### WHAT IS REQUIRED
Reproduce the lines below exactly, from the one containing "Gniherii Women Letter" through the one containing "The Midarm circumference(MAC)", both included. Leave out any pictures.

### DATA LISTING
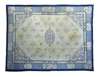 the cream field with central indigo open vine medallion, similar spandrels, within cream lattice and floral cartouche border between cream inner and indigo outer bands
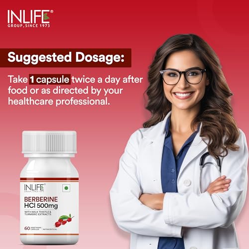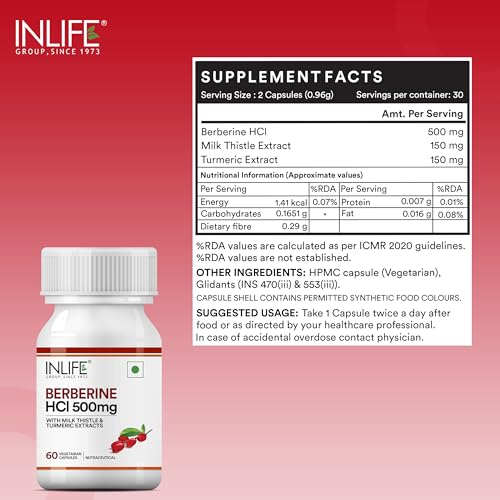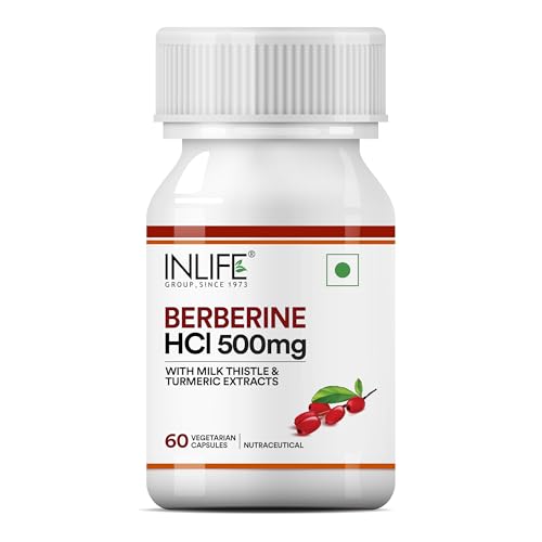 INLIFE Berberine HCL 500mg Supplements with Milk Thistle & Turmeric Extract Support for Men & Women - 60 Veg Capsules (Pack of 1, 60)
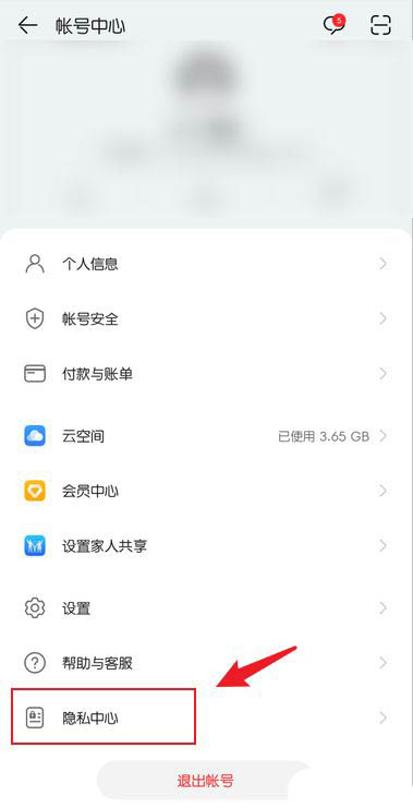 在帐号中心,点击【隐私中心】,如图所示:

* * *

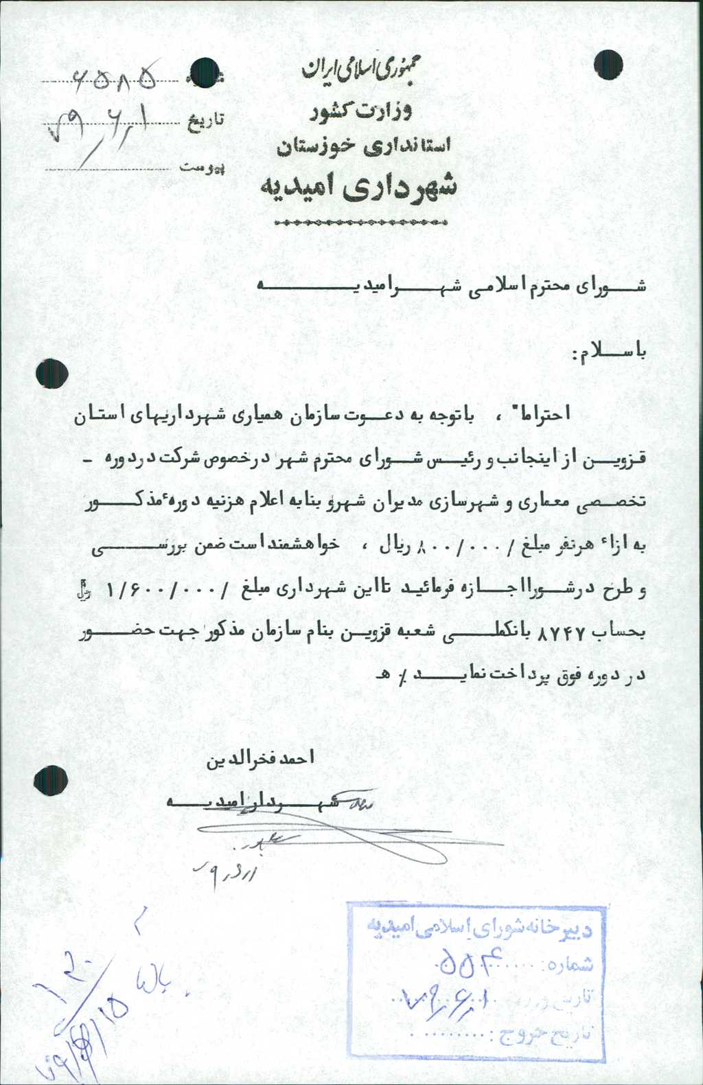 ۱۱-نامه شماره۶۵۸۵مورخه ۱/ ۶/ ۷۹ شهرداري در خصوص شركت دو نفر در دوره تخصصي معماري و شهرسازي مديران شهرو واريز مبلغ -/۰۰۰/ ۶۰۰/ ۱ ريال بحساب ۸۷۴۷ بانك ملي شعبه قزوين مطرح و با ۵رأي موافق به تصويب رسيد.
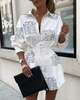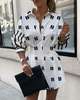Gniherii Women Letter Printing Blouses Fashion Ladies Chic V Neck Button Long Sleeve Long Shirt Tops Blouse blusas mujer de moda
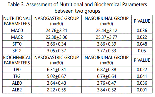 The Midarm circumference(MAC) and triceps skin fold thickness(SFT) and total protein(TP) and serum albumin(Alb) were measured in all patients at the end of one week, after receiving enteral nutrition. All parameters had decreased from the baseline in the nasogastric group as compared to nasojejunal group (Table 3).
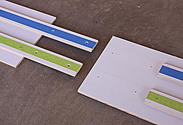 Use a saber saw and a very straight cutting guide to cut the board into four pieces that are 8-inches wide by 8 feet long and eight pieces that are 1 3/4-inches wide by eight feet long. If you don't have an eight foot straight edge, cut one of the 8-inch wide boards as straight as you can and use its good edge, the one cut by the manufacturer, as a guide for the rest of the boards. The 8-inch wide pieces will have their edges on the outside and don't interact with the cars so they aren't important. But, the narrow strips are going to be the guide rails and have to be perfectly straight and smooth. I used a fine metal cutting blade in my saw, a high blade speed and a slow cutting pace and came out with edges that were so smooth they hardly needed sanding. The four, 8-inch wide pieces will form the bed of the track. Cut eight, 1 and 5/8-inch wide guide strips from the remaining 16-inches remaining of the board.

### EXERCISE ANSWER
Gniherii Women Letter Printing Blouses Fashion Ladies Chic V Neck Button Long Sleeve Long Shirt Tops Blouse blusas mujer de moda
 The Midarm circumference(MAC) and triceps skin fold thickness(SFT) and total protein(TP) and serum albumin(Alb) were measured in all patients at the end of one week, after receiving enteral nutrition. All parameters had decreased from the baseline in the nasogastric group as compared to nasojejunal group (Table 3).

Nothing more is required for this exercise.